- [TASK INPUT]:
________________________________________

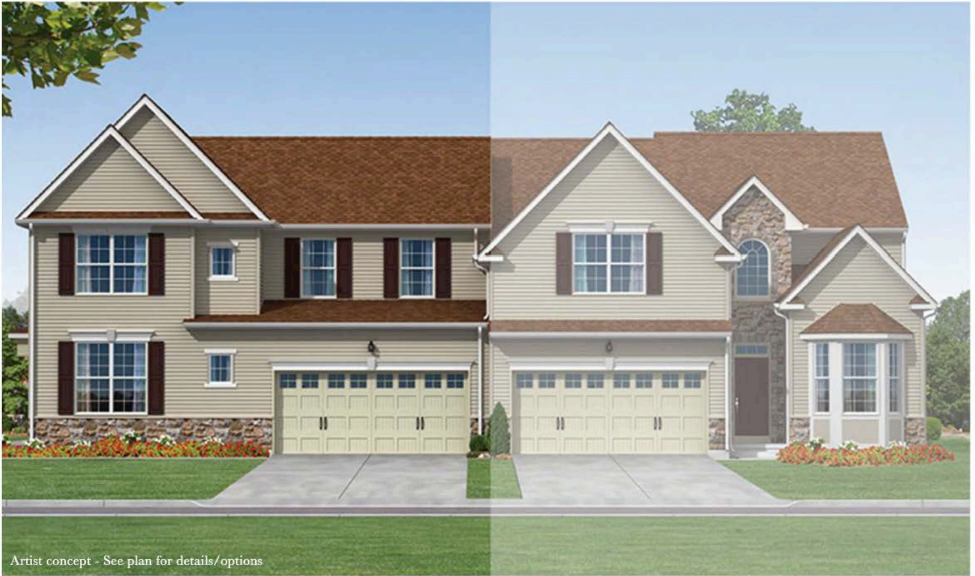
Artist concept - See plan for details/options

________________________________________

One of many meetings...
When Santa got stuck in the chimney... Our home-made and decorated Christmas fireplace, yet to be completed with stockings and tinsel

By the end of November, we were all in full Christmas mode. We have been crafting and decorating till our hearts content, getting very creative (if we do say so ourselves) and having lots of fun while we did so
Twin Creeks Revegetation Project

________________________________________

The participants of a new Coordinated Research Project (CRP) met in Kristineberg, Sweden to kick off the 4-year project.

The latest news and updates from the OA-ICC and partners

________________________________________

Starting at the line above that contains "The participants of", repeat each line exactly up to and including the line that contains "The latest news", and stop there.

The participants of a new Coordinated Research Project (CRP) met in Kristineberg, Sweden to kick off the 4-year project.

The latest news and updates from the OA-ICC and partners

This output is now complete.